Mark Greif has written a long, lovely meditation on the heyday of public intellectuals and their audience in mid 20th century America. That period, in his view, was best epitomised by the Partisan Review.
My sense of the true writing of the “public intellectuals” of the Partisan Review era is that it was always addressed just slightly over the head of an imagined public—at a height where they must reach up to grasp it. But the writing seemed, also, always just slightly above the Partisan Review writers themselves. They, the intellectuals, had stretched themselves to attention, gone up on tiptoe, balancing, to become worthy of the more thoughtful, more electric tenor of intellect they wanted to join. They, too, were of “the public,” but a public that wanted to be better, and higher. They distinguished themselves from it momentarily, by pursuing difficulty, in a challenge to the public and themselves—thus becoming equals who could earn the right to address this public.
It was born of unique influences: a world emerging from unutterable darkness and eager for the light; a prodigious influx of the finest European intellects before and during the war; and, a widespread sense that bettering oneself was not only desirable, but possible. We can hardly wish for such a confluence to reoccur; no period of intellectual excellence could justify the cost. Nevertheless, Greif sees every reason for public intellectuals today to do their best.
But insofar as a debate about priorities—and ideals—will continue anyway in our little corner of the world, we ought to try to set it the right way round. The idea of the public intellectual in the 21st century should be less about the intellectuals and how, or where, they ought to come from vocationally, than about restoring the highest estimation of the public. Public intellect is most valuable if you don’t accept the construction of the public handed to us by current media. Intellectuals: You—we—are the public. It’s us now, us when we were children, before the orgy of learning, or us when we will be retired; you can choose the exemplary moment you like. But the public must not be anyone less smart and striving than you are, right now. It’s probably best that the imagined public even resemble the person you would like to be rather than who you are.

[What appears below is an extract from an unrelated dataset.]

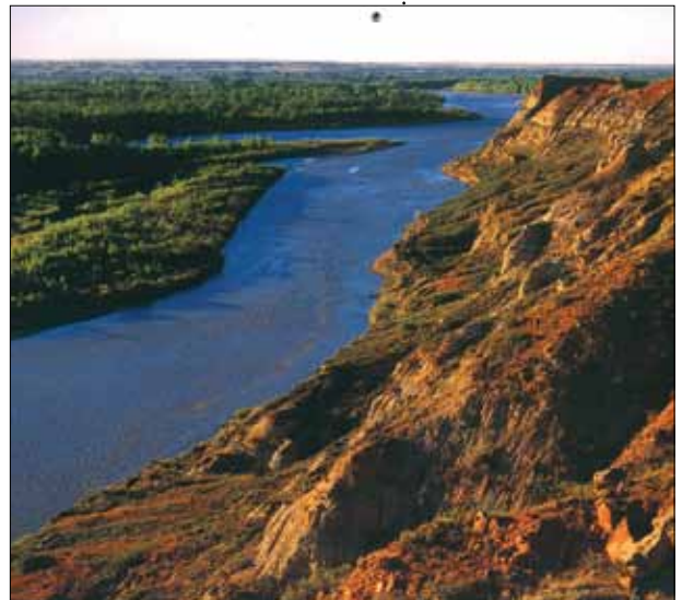
Yellowstone River near Sidney.

“There is no doubt that those tiresome and prolonged efforts to stop the pipeline ultimately made a difference. This was a victory because of people power, and we thank you for it.”

Greif isn’t an idle observer like me. As one of the founders of n+1, a “magazine of literature, culture, and politics”, he’s been pulling strongly on his oar for over 10 years. Here’s his last paragraph, a sort of call to arms.
If there is a task, it might be to participate in making “the public” more brilliant, more skeptical, more disobedient, more capable of self-defense, and more dangerous again—dangerous to elites, and dangerous to stability; when it comes to education, dangerous to the idea that universities should be for the rich, rather than the public, and hostile to the creeping sense that American universities should be for the global rich rather than the local or nationally bounded polity. It is not up to the public intellectual alone to remake “the public” as a citizenry of equals, superior and dominant—that will take efforts from all sides. But it is perhaps up to the intellectual, if anyone, to face off against the pseudo-public culture of insipid media and dumbed-down “big ideas,” and call that world what it is: stupid.